◆ PROBLEM DESCRIPTION ◆
Exactly the lines from the first line of the records to the line holding "Zásuvkové skříně Bott" should be duplicated, and nothing more; pictures stay out.

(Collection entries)
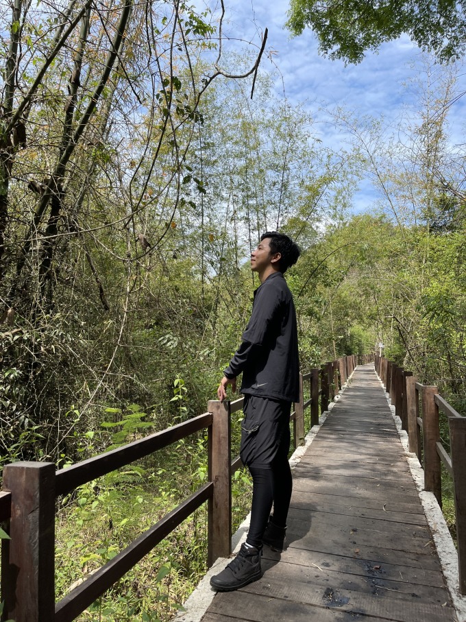Minh bên con đường rừng trong vườn quốc gia. Ảnh: NVCCĐi đường rừng nhưng du khách không sợ lạc vì có chỉ dẫn rất cụ thể, ngoài ra còn có biển chú thích từng loại cây. Minh cho hay: "Cung đường xuyên rừng, xuất hiện nhiều cây có hình thù ấn tượng. Nhiều cây được chú thích kỹ về giống loài, như cây tùng 400 tuổi, được mệnh danh là "thần rắn" của rừng Nam Cát Tiên, thu hút nhiều du khách chụp hình.
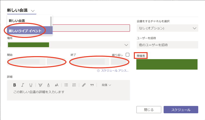 次に、「新しい会議」から「新しいライブイベント」に切り替えましょう。
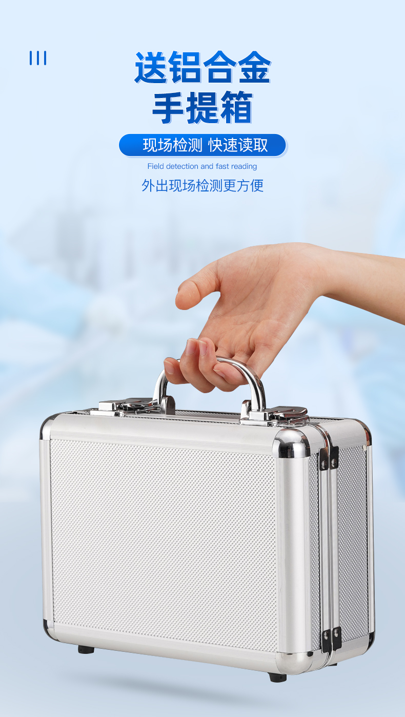 隨機配置:ATP熒光檢測儀(手持)主機、鋁合金手提箱、驅動U盤、儀器包、掛繩、PC數據線、數據分析軟件、中文操作手冊
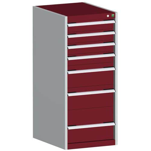 Zásuvkové skříně Bott Cubio se zásuvkami s nosností 75 kg a 100% výsuvy na válečkových ložiskách.
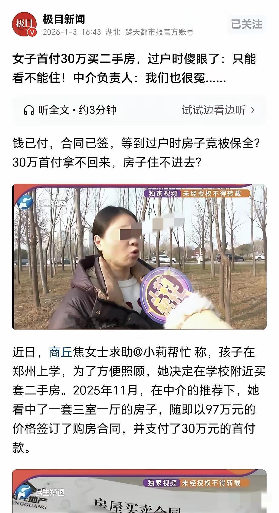 这是诈骗!河南商丘,一女子花97万买了套二手房,双方签好合同,女子支付了30万首付,又顺利办好了贷款,谁知过户时发现,房子被法院查封,无法办理过户,女子这才知道,原房主和男友私底下签有协议,男友占房子70%份额,女房主只占30%,卖房期间,女房主和男友发生矛盾,男友怕她转移,直接申请了房产保全,可房产证上确实显示,房子归女子单独所有,中介无奈,他也不知道会发生这样的事情,女子房财两空: 30万是我全部积蓄…… 这哪是买房啊,这是硬生生踩进了诈骗陷阱!女子拿着房产证复印件,在不动产登记中心窗口前急得直哭,工作人员一句话浇灭了她所有希望:“房子被保全了,查封期间不能过户,这是法律规定。” 谁能想到,房产证上明明白白写着“单独所有”,背后还藏着隐性共有人?根据《民法典》,处分共有房产得经占份额三分之二以上的共有人同意,女房主瞒着男友偷偷卖房,本身就是无效操作 。 这女房主也太黑心了!明知房子有男友的70%份额,还敢拿着单独所有的房产证骗钱。矛盾闹僵后男友申请保全,她倒是一拍屁股躲起来,把买房的女子推到了“钱房两空”的绝境。 中介更别喊冤!作为专业机构,核实房源权属是基本义务,不能只看房产证就完事。之前就有类似案例,中介没查清隐性共有人,最后得承担赔偿责任 。收着中介费不做审核,这跟帮凶有啥区别? 女子现在悔得肠子都青了!30万是她省吃俭用攒了十几年的血汗钱,省下饭钱、抠下房租,就盼着有个自己的家,结果全打了水漂。她找原房主失联,找中介推诿,只能哭着咨询律师走法律途径。 律师说了,她可以起诉解除合同,要求原房主退首付、赔损失,中介也得承担相应责任 。但维权路漫漫,这笔钱能不能全额要回,还得打个问号。 这事儿也给所有人提了醒:买二手房别光看房产证!一定要去不动产登记中心查档,核实有没有查封、抵押,有没有隐性共有人。线上政务平台也能查,花几分钟也能查,花几分钟就能避大坑,别嫌麻烦! 现在很多人买房都是倾尽所有,骗子就是瞅准了这份迫切,钻法律和信息差的空子。咱们买房时多留个心眼,就是给辛苦钱上把锁! 各位读者你们怎么看?欢迎在评论区讨论。

◆ ANSWER SPACE ◆
Minh bên con đường rừng trong vườn quốc gia. Ảnh: NVCCĐi đường rừng nhưng du khách không sợ lạc vì có chỉ dẫn rất cụ thể, ngoài ra còn có biển chú thích từng loại cây. Minh cho hay: "Cung đường xuyên rừng, xuất hiện nhiều cây có hình thù ấn tượng. Nhiều cây được chú thích kỹ về giống loài, như cây tùng 400 tuổi, được mệnh danh là "thần rắn" của rừng Nam Cát Tiên, thu hút nhiều du khách chụp hình.
 次に、「新しい会議」から「新しいライブイベント」に切り替えましょう。
 隨機配置:ATP熒光檢測儀(手持)主機、鋁合金手提箱、驅動U盤、儀器包、掛繩、PC數據線、數據分析軟件、中文操作手冊
 Zásuvkové skříně Bott Cubio se zásuvkami s nosností 75 kg a 100% výsuvy na válečkových ložiskách.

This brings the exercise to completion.